02 — fork(), exec(), and the Unix Process Creation Model

Technical Overview

Unix process creation is built on two orthogonal system calls: fork() duplicates the calling process, and exec() replaces the calling process's program image with a new one. Together they form the "fork-exec" idiom that every shell, service manager, and container runtime uses. Linux exposes both through a single, powerful primitive — clone() — that makes the degree of sharing between parent and child fully configurable.

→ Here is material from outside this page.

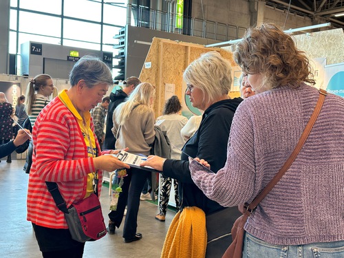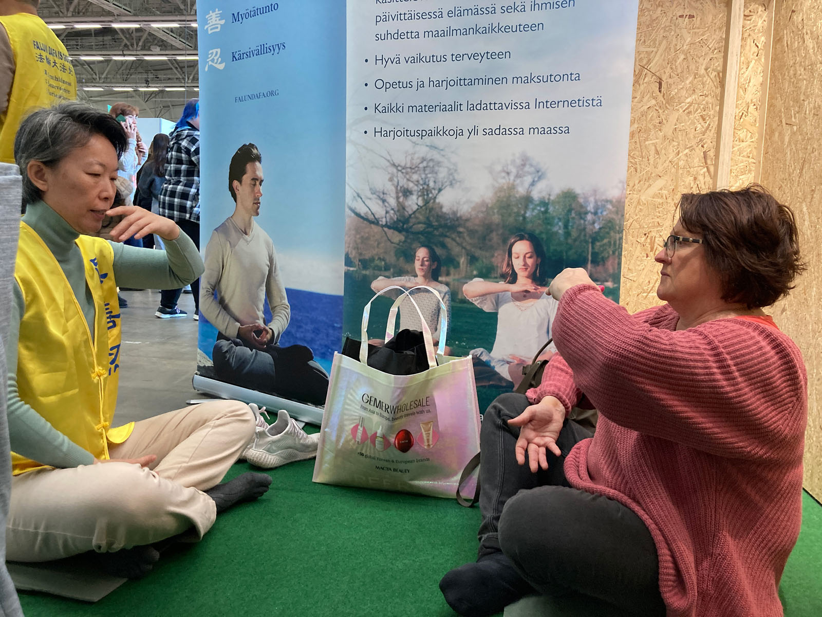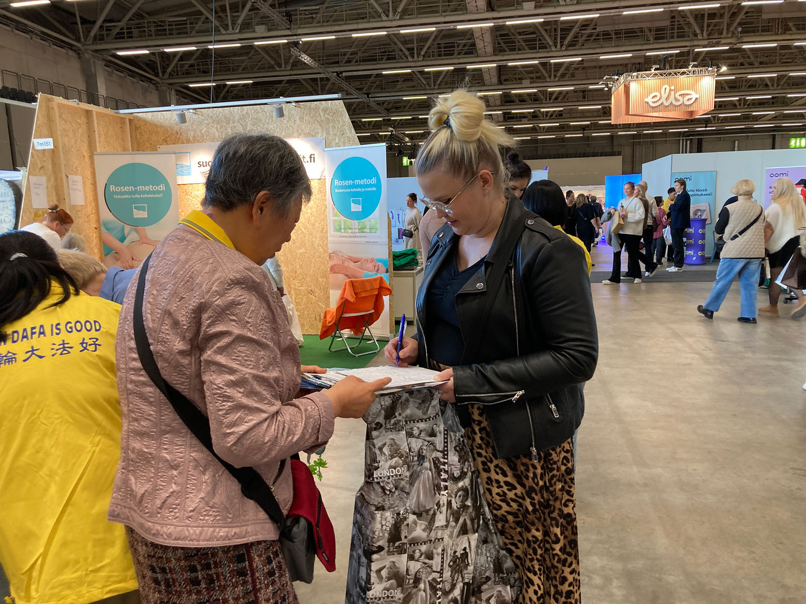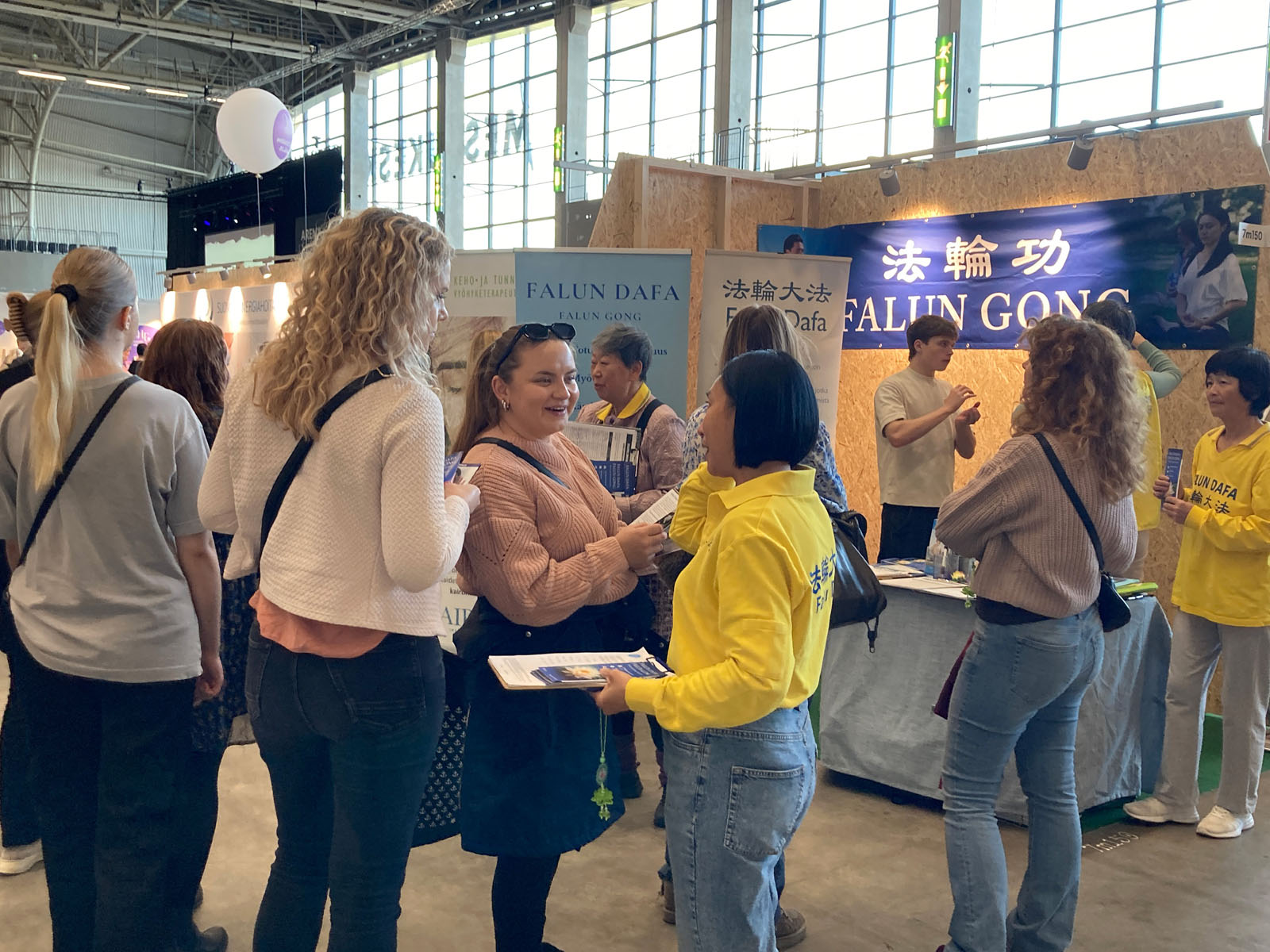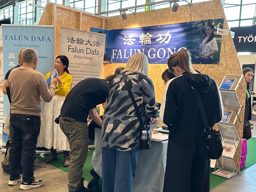 (Minghui.org) The 2025 “I Love Me” health expo held at the Helsinki Exhibition and Convention Center in Finland October 17 to 19, 2025, showcased the latest trends in beauty, fashion, and wellness. Falun Dafa practitioners, who were invited to participate, told people about the benefits of practicing Falun Dafa and how the Chinese Communist Party (CCP) persecutes the spiritual discipline. Many people stopped by their booth, and some learned the exercises at the event.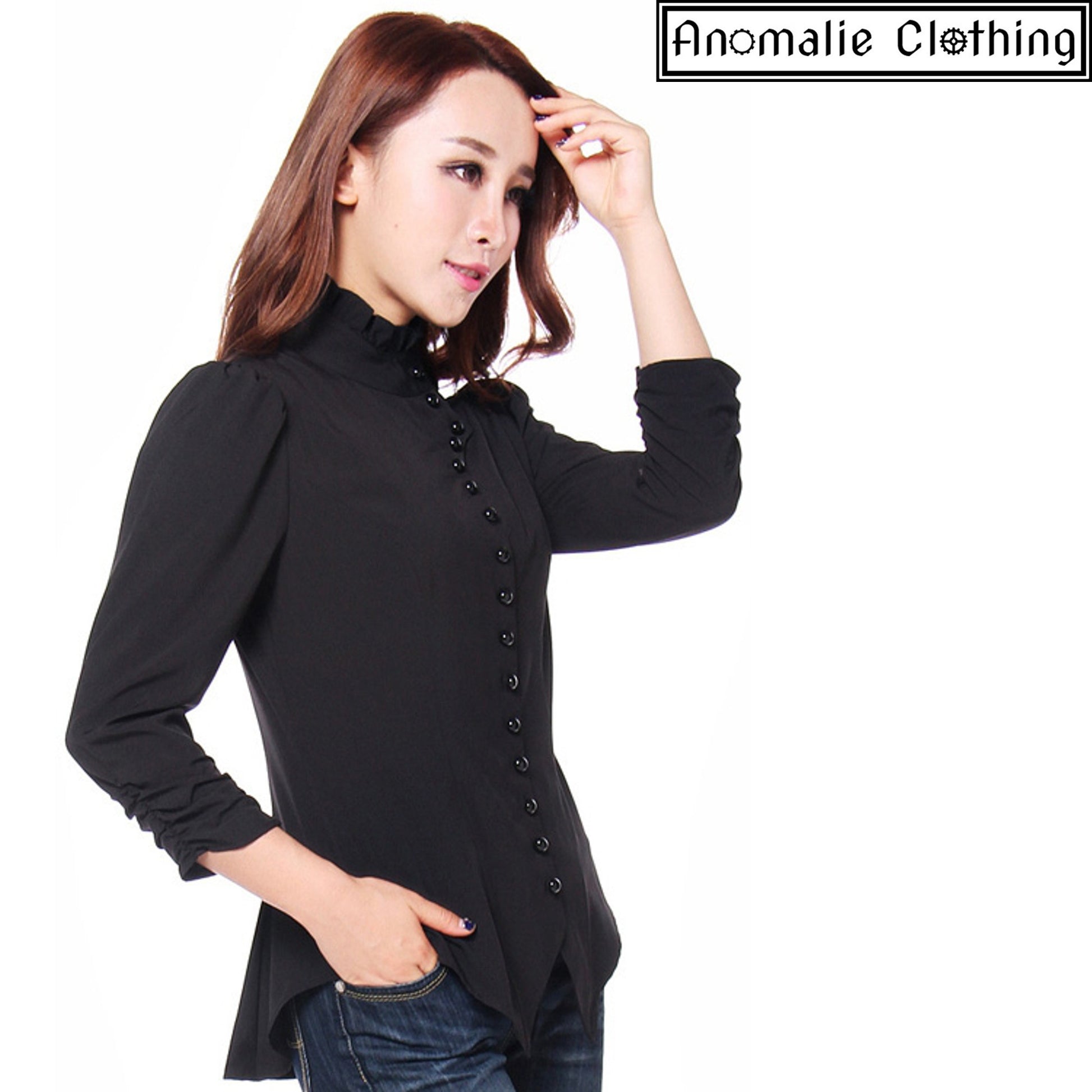 This elegant Steampunk inspired blouse from Chic Star features:- a high, ruffled Victorian style neckline,

Understanding these mechanics is essential for anyone writing daemons, container runtimes, language runtimes, or anything that manages child processes.

Prerequisites

01-process-concept.md: task_struct, process address space, PID/TGID distinction
Virtual memory concepts: page tables, copy-on-write (CoW), VMAs
ELF binary format basics (load segments, entry point, interpreter path)
File descriptor semantics (reference counting, O_CLOEXEC)

Core Content

The fork/exec/clone Relationship

User-space APIs                       Kernel entry point
─────────────────────────────────     ──────────────────────────────────────
fork()        ────────────────────►   clone(SIGCHLD, 0)
                                             │
vfork()       ────────────────────►   clone(CLONE_VFORK|CLONE_VM|SIGCHLD, 0)
                                             │
pthread_create() ─────────────────►   clone(CLONE_VM|CLONE_FS|CLONE_FILES│
                                            CLONE_SIGHAND|CLONE_THREAD│    │
                                            CLONE_SETTLS|..., stack)        │
                                             │                              │
                                             ▼                              │
                                       kernel/fork.c:                       │
                                       sys_clone() / clone3()               │
                                             │                              │
                                             ▼                              │
                                       copy_process()  ◄────────────────────┘
                                             │
                              ┌──────────────┴──────────────────────────────┐
                              │  dup_task_struct()   — new stack + PCB       │
                              │  copy_creds()        — credentials           │
                              │  copy_mm()           — address space (CoW)   │
                              │  dup_fd()            — file descriptor table  │
                              │  copy_fs()           — fs context (cwd/root)  │
                              │  copy_sighand()      — signal handlers        │
                              │  copy_signal()       — signal state           │
                              │  copy_thread()       — arch register state    │
                              │  alloc_pid()         — PID allocation         │
                              └─────────────────────────────────────────────┘

All three user-space calls ultimately invoke copy_process(). The clone_flags bitmask decides what is copied (independent) versus shared (pointer shared between parent and child):

Flag	Effect when set	Absence
`CLONE_VM`	Share `mm_struct` (same address space)	Copy `mm_struct` with CoW page tables
`CLONE_FILES`	Share `files_struct`	Duplicate fd table
`CLONE_FS`	Share `fs_struct` (cwd, root, umask)	Copy fs context
`CLONE_SIGHAND`	Share `sighand_struct` (signal handlers)	Copy handlers
`CLONE_THREAD`	Place in same thread group (same `tgid`)	New process group
`CLONE_NEWPID`	Create new PID namespace	Inherit parent's
`CLONE_NEWNET`	Create new network namespace	Inherit parent's

`fork()` Internals: copy_process() in Detail

Step 1 — dup_task_struct()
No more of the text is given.